• Dendrimer-DNA Complexes: Structure and Forces

In order to compact DNA, linear cations are believed to bind in DNA grooves and to interact with the phosphate backbone of apposing helices. The DeRouchey group has previously shown a length dependent attraction resulting in higher packaging densities with increasing charge for linear cations. Hyperbranched polycations, such as polycationic dendrimers, presumably would not be able to bind to DNA and correlate their charges with the phosphates of adjoining DNA in the same manner as linear cations. We use osmotic stress coupled with x-ray scattering to study fundamental molecular scale interactions and supramolecular self-assembly of low generation poly(amido amine) (PAMAM) dendrimer-DNA complexes. Dendrimer-DNA assembly displays fundamentally different physical behavior; higher dendrimer generation number give lower DNA packaging densities. The salt and pH dependence on packaging in dendrimer-DNA complexes was also measured. These studies begin to elucidate the role of cation topography in DNA condensation.

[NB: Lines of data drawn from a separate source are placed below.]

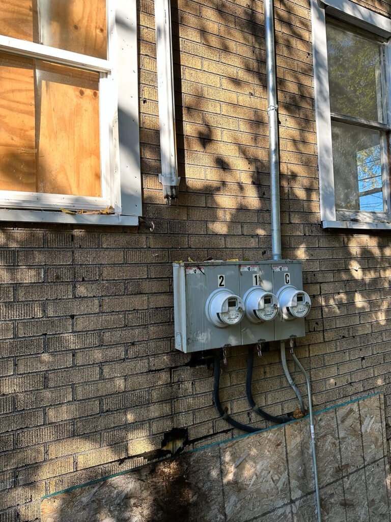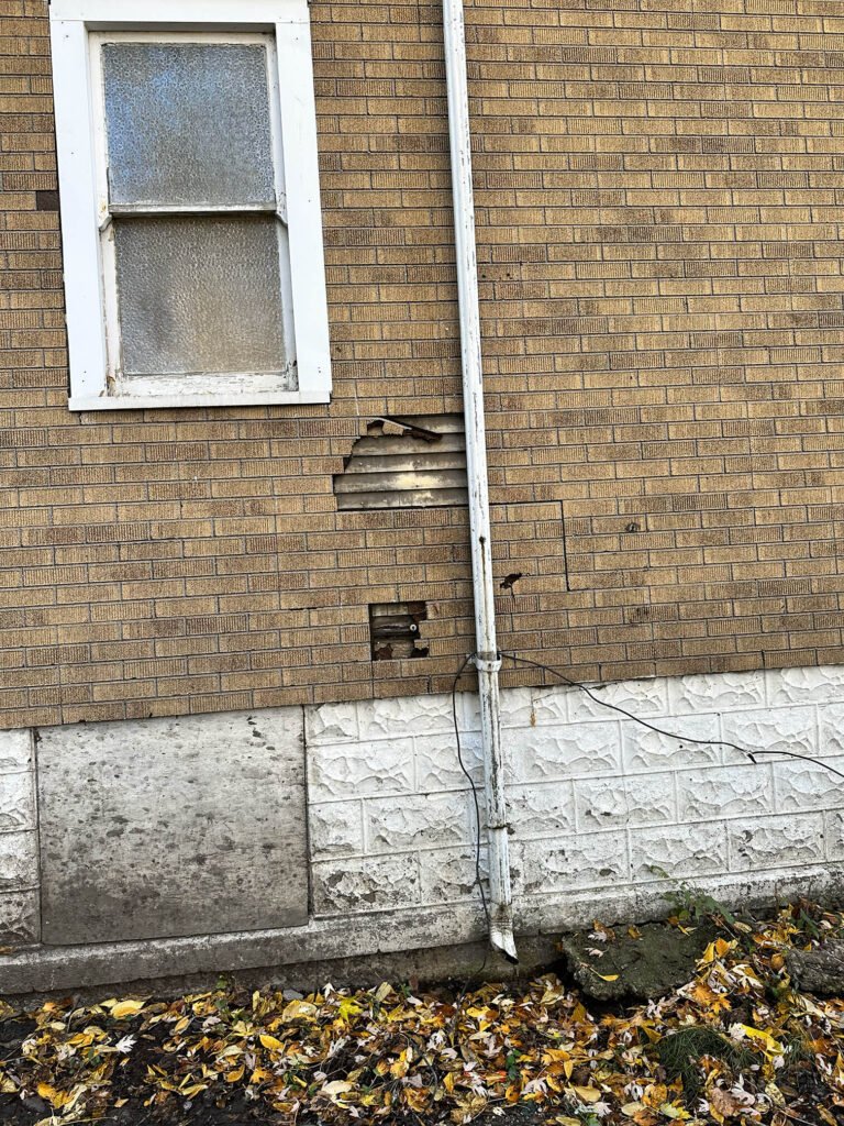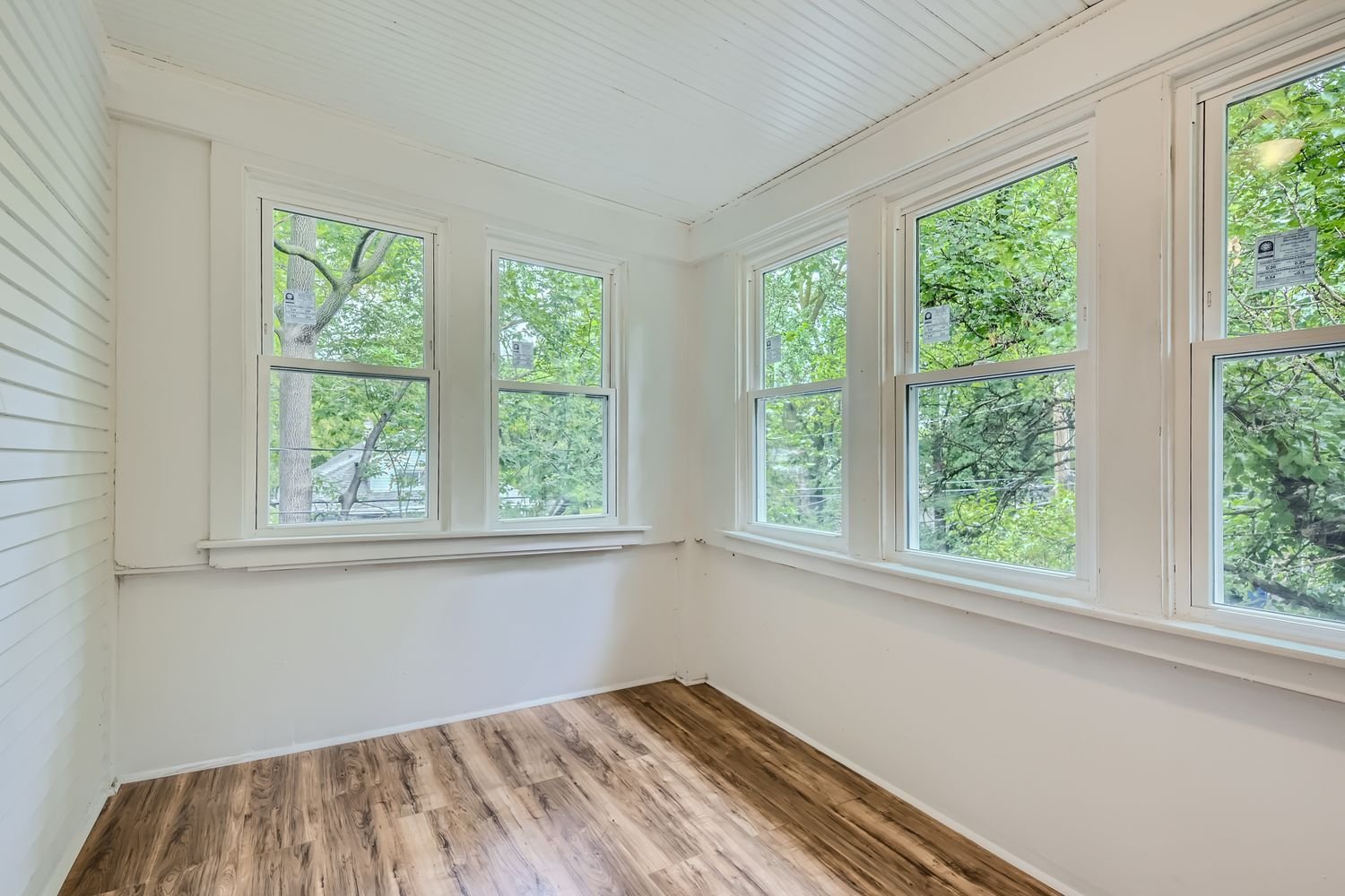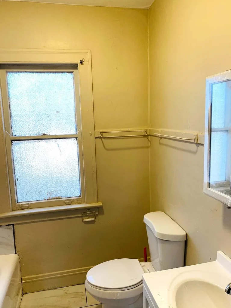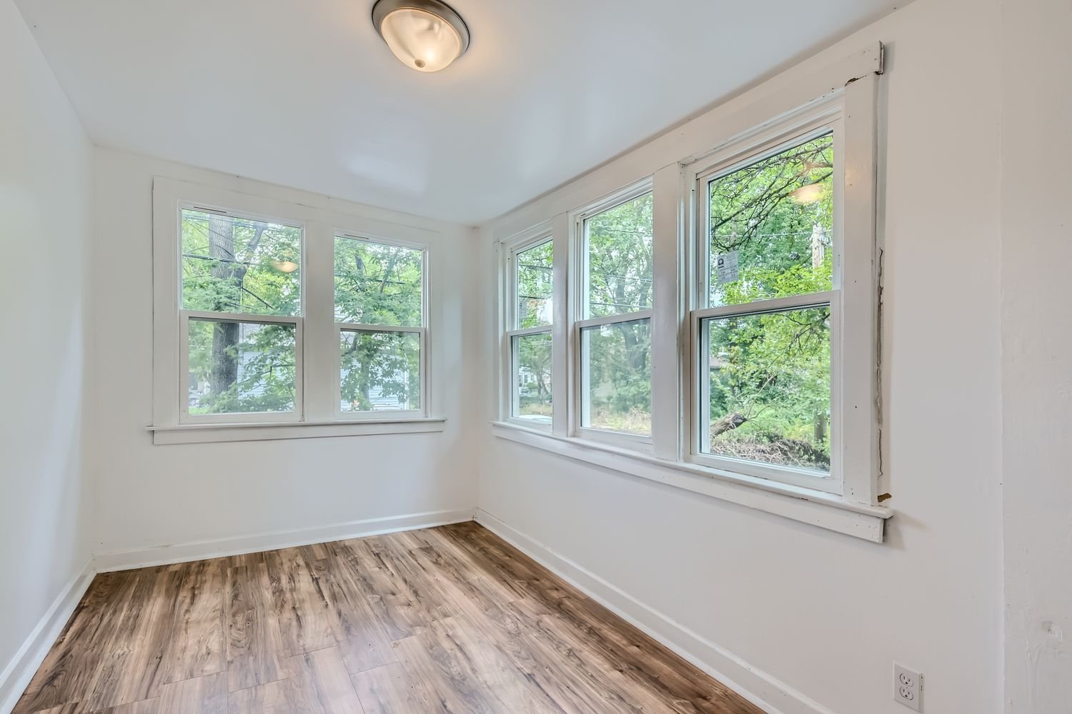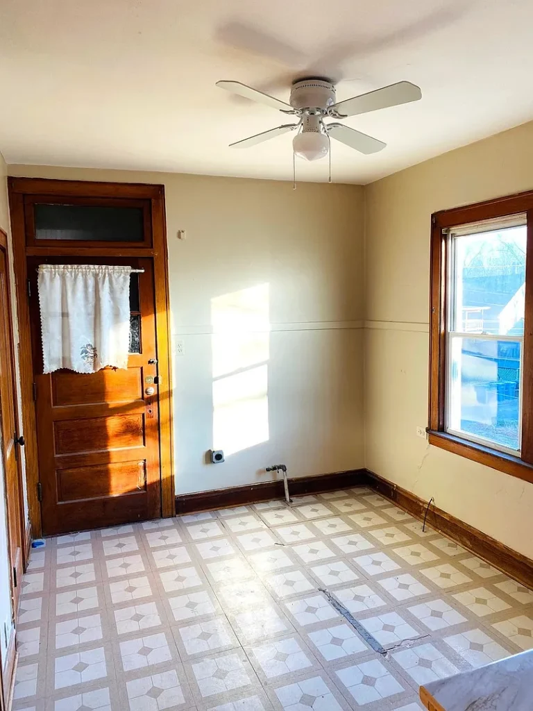 Gut unit, plaster walls, new bathroom plumbing, new windows, new siding and gutters, floring, and trim installation.
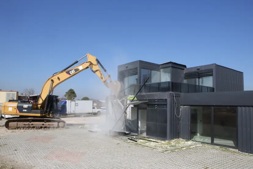 Yıkım çalışması kapsamında ilk olarak, Demirci Mahallesi’nde tespit edilen 192 metrekarelik iki katlı ofis binasına müdahale edildi.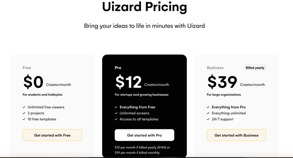 In terms of pricing, Uizard AI offers a freemium model that allows users to create a limited number of designs for free. For more advanced features, such as exporting designs, accessing premium templates, and removing the Uizard AI watermark, users will need to upgrade to a paid plan. The pricing is reasonable and competitive compared to other design tools on the market.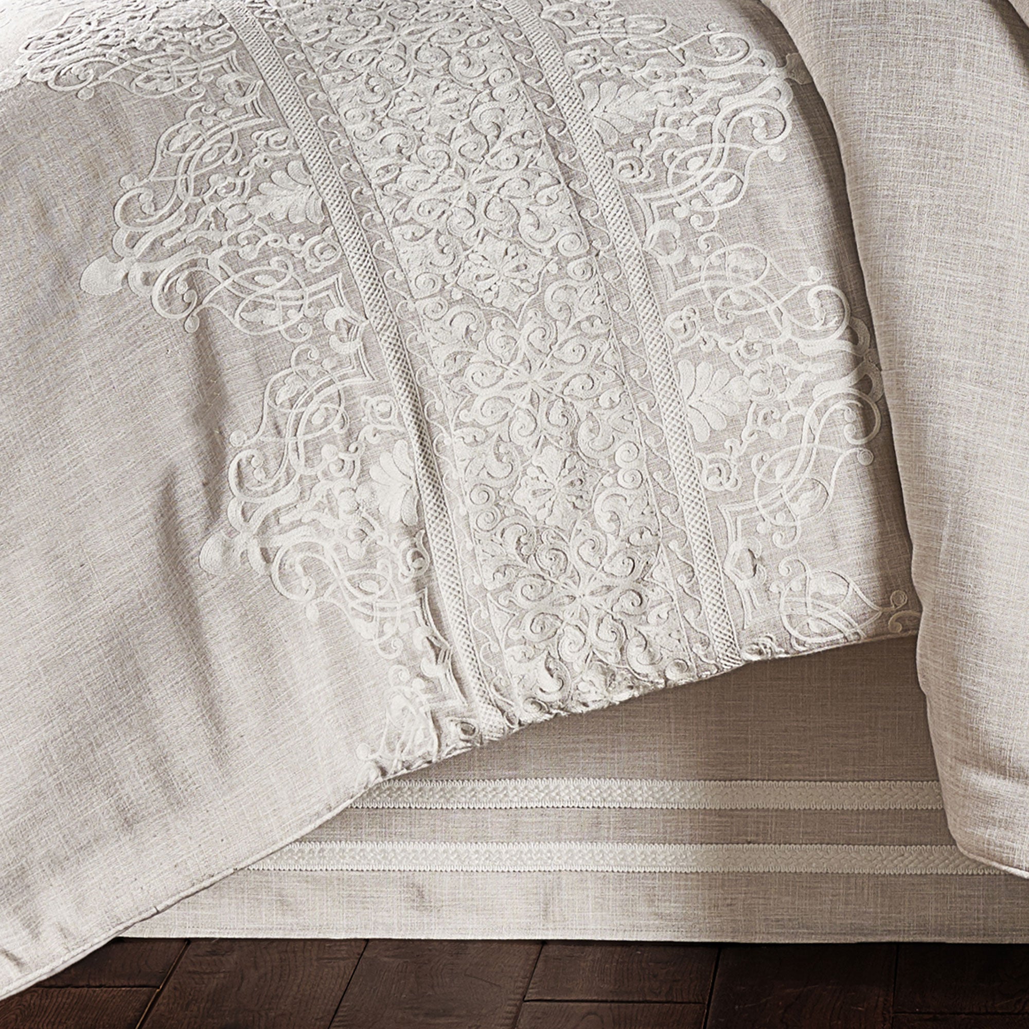 Four piece set includes one comforter and two perfectly matched padded pillow shams with a hidden zipper. Pillow shams are engineered, centering the embroidered damask and finished with 1/4″ beige piping. Bedskirt is solid faux linen beige with 2 rows of gimp running at the bottom with split corners and a 15″ drop.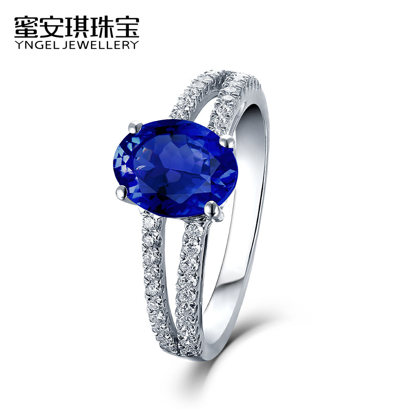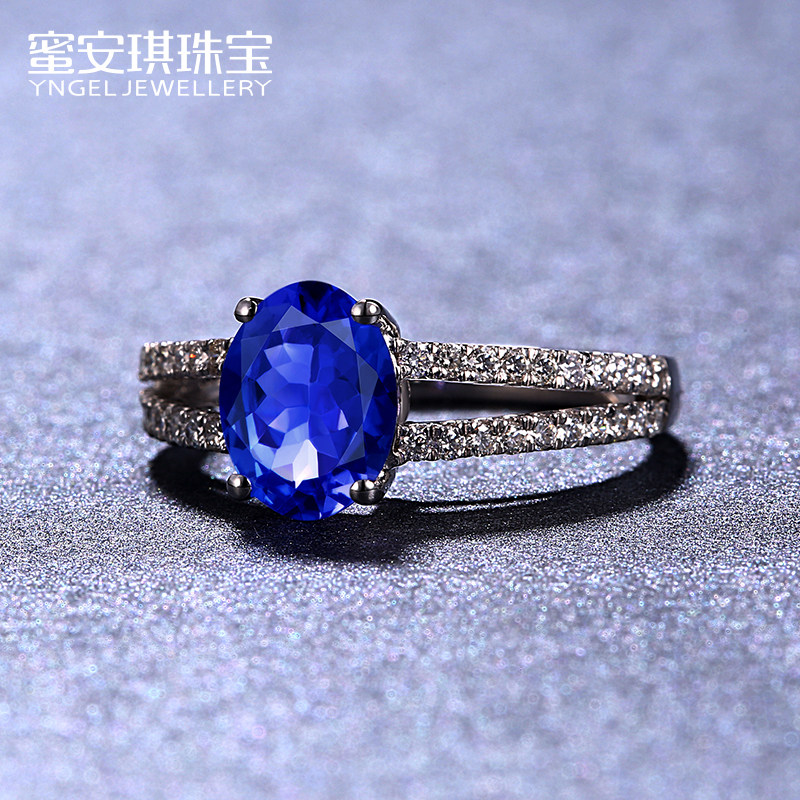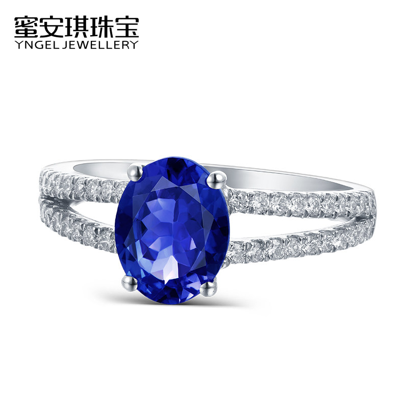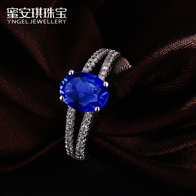Yngel/蜜安琪1.70~3.54CT天然坦桑石戒指女18K金镶嵌钻戒彩宝定制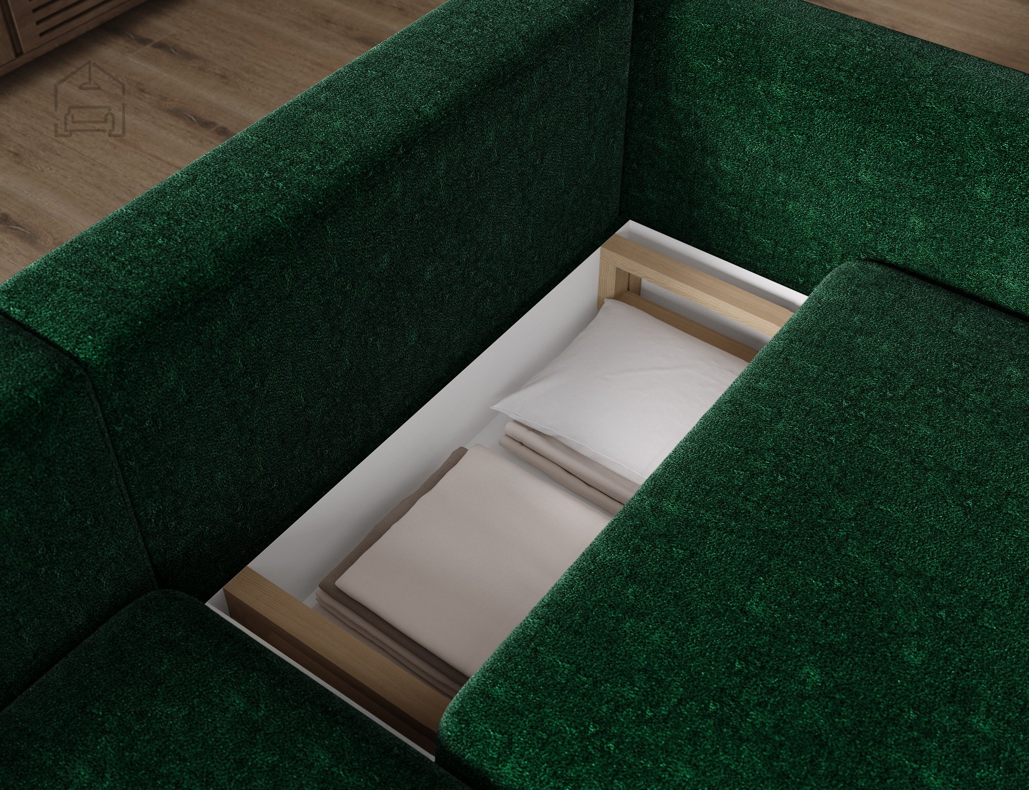 Der eingebaute Bettkasten bietet zusätzlichen Stauraum für Decken, Pölster oder Bettwäsche und erhöht so die Alltagstauglichkeit.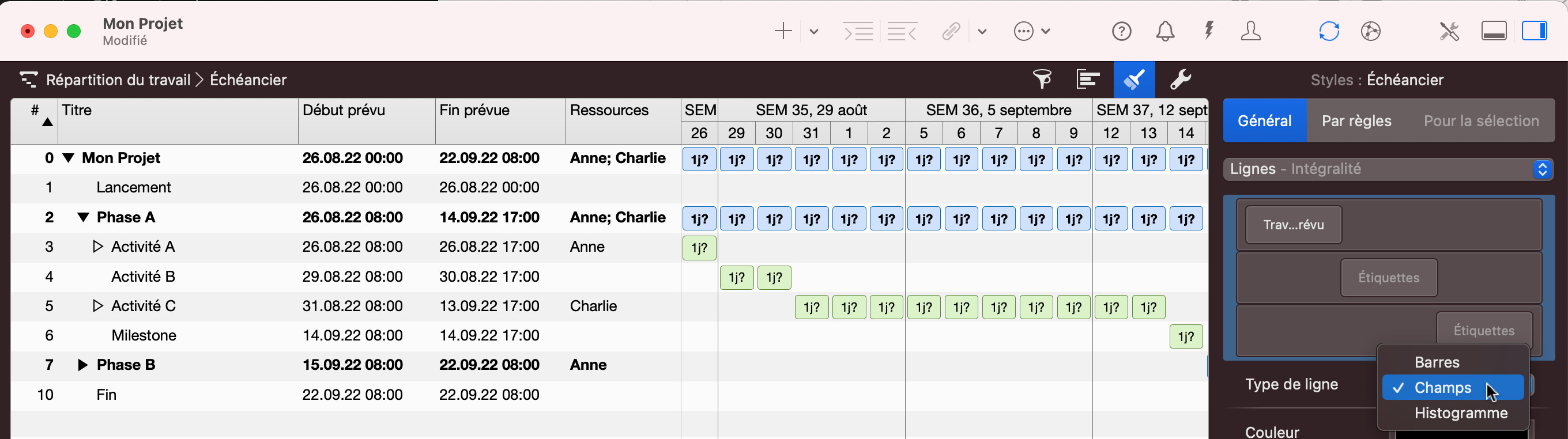 REMARQUE : Une vue avec des barres de Gantt exportera les valeurs du contour. Si vous avez besoin d'exporter des informations échelonnées dans le temps, vous pouvez changer le Type de ligne en 'Champs'.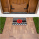 Make a fashion statement at your door when welcoming people to your home with this door mat monogrammed with your initial. Great for the door to your office as well. The Chevron ziz zag (zizzag) graphic design is one of the hottest art and design trends, and is extremely popular from fashion to home decor. This sophisticated black and white chevron rug is given an eye popping dash of color with a red circle for personalizing with your monogram initial and sits on a black strip with red edges. Easy to customize!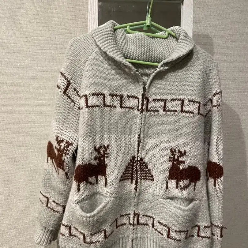 후드 부착 니트 가디건 사슴 패턴 그레이

Publications from this work:

An, M., Hutchison, J. M., Parkin, S. R. & DeRouchey, J. E. (2014) Role of pH on the compaction energies and phase behavior of low generation PAMAM-DNA complexes. Macromolecules, 47 (24), 8768–8776, doi:10.1021/ma5020808.

An, M., Parkin, S. R. & DeRouchey, J. E. (2014) Intermolecular forces between low generation PAMAM dendrimer condensed DNA helices: role of cation architecture. Soft Matter, 10 (4), 590-599, doi:10.1039/c3sm52096j.